The ability to return interstitial protein to central blood is key to the defence against oedema. The aim of this study was to quantify this ability by measuring the rate at which radiolabelled human immunoglobulin (HIgG) accumulated in blood following injection into the subcutis of the hand in normal volunteers and in patients with breast cancer-related lymphoedema (BCRL).

A total of 37 control subjects (healthy normal volunteers or breast cancer patients prior to treatment) and 18 women with BCRL were studied with dual-isotope lymphoscintigraphy. Each received bilateral subcutaneous depot injection in the dorsal web space of HIgG labelled with Tc-99m on one side and In-111 on the other. Activities remaining at the depot and accumulating in blood were measured at regular intervals for 3 h. Clearance from the depot was exponential and expressed as the rate constant k(depot) (min(-1)). Accumulation in blood was essentially linear and, using an estimate of blood volume based on height and weight, was expressed as the linear constant b(blood) (% administered activity x min(-1)). The time axis intercept of this linear fit was recorded as an index of the minimum time to arrival of radioprotein in blood. The efficiency with which radioprotein that has left the depot (extra-depot activity) is transported into blood [tissue-to-blood (T-B) transport] was quantified (1) as the quotient b(blood)/k(depot), and (2) as a function of time after injection by comparing the total amount of radioprotein in blood at any time with the total amount of radioprotein that was no longer in the depot at the same time.

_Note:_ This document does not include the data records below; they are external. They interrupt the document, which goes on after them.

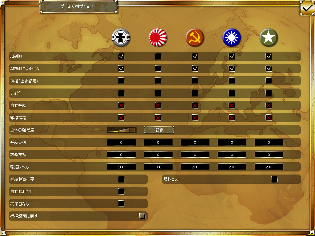 ただ,その結果として破天荒に暴れまくることはしにくいし,陣営設定は変えられないので,「アメリカが中立を保った場合」「ソ連が枢軸側で参戦した場合」といった歴史if的な状況は設定できない。プレイバランスは,あらかじめ与えられる補給ポイント量の違いとして段階的に調整可能なので,ゲーム的なダイナミズムを求める場合は,もっぱらそれを活用することになるだろう。
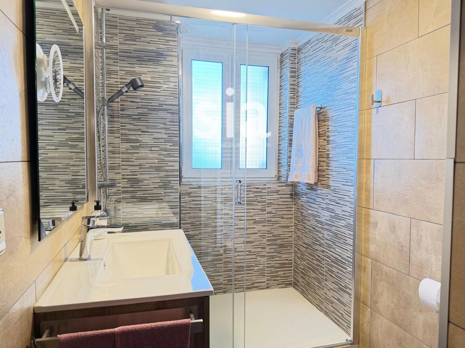 Cuenta además con 3 espaciosos dormitorios y 2 baños completos con ducha, uno de ellos con ventana, aportando ventilación y luz natural. Armarios empotrados en el pasillo para mayor espacio de almacenamiento.
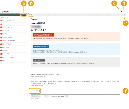 ユーザーズガイドを起動すると最初に表示されるページです。
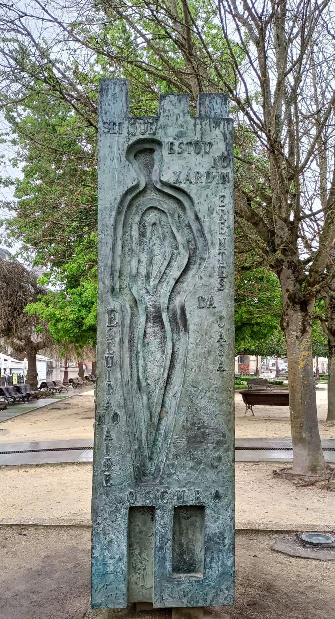 Completa el recorrido escultórico en estos jardines, otra placa granítica hincada en el suelo. A modo de estelas, está claro que estas grandes losas son del gusto del ciudadano lucense pues son varias como hemos visto las que, a lo largo de todo el recorrido, muestran su reconocimiento y gratitud a diversos hitos históricos, a personajes literarios o artísticos o a textos literarios…
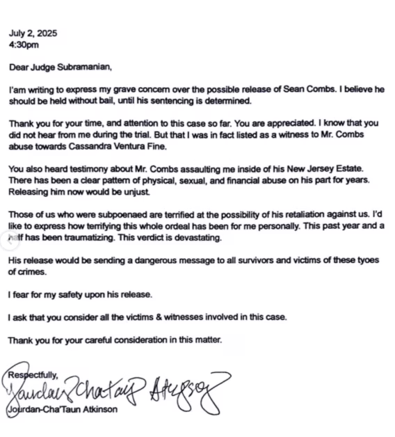 Atkinson, who once worked inside Diddy’s inner circle, posted a video and documents to Instagram after submitting a letter to the judge asking that Combs be denied bail ahead of sentencing.
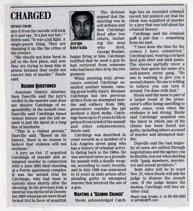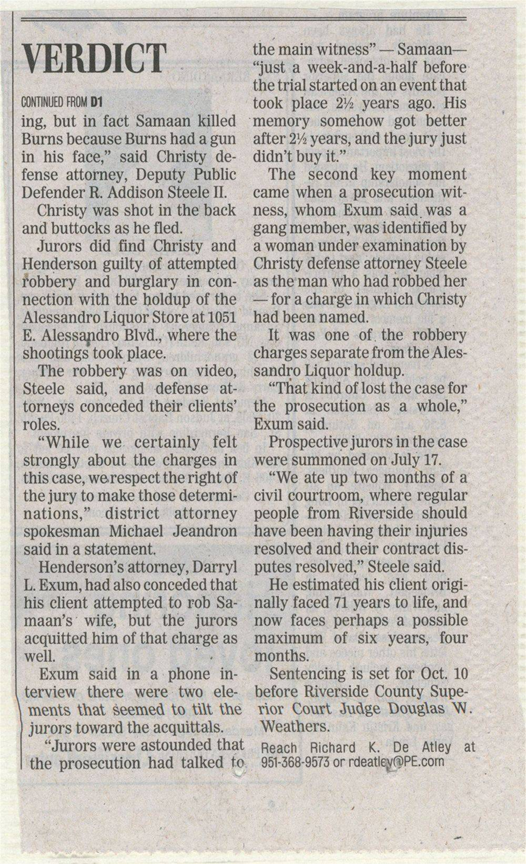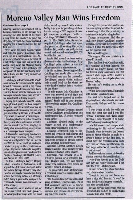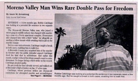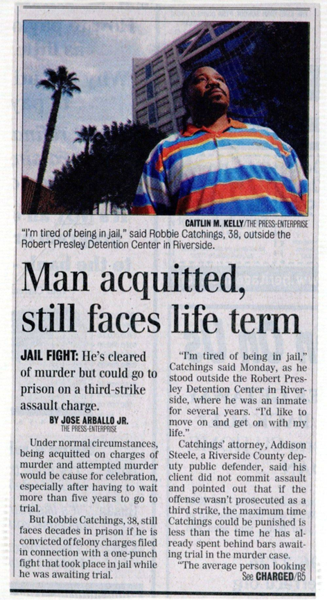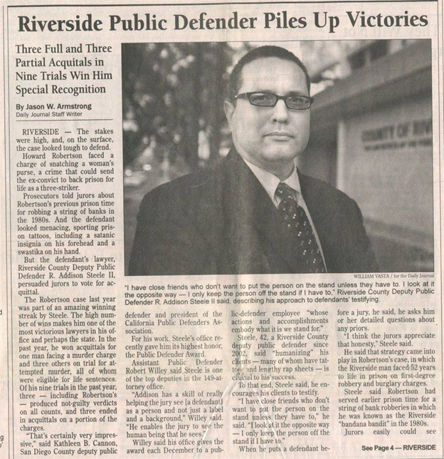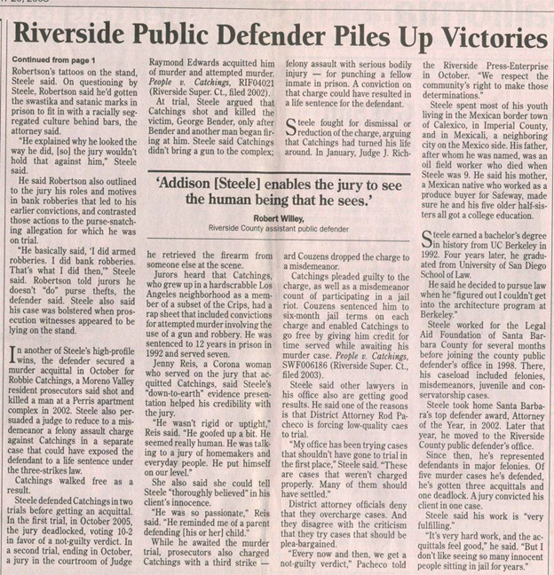 In another of Steele's high-profile wins, the defender secured a murder acquittal in October for Robbie Catchings, a Moreno Valley resident prosecutor said shot and killed a man at a Perris apartment complex in 2002. Steele also persuaded a judge to reduce to a misdemeanor a felony assault charge against Catchings in a separate case that could have exposed the defendant to a life sentence under the three-strikes law.

Tc-99m-HIgG and In-111-HIgG behaved similarly and are interchangeable. At all times between 60 and 180 min in controls, about 50% of protein that had left the depot was present in blood. T-B transport was reduced to about 20% in BCRL arms in which the hand was involved in swelling (p < 0.001 versus controls), but remained unchanged in patients in whom the hand was spared. The minimum time to arrival of radioprotein in blood was not reduced in BCRL; on the contrary, there appeared to be a small proportion of injected activity that arrived rapidly in blood in BCRL patients but not in controls.

We conclude that T-B transport is only impaired in BCRL when radioprotein is injected into swollen tissue. Significant quantities of radioprotein may escape from the arm via local access to blood. Individual variation in this capacity may explain the regional sparing observed in BCRL.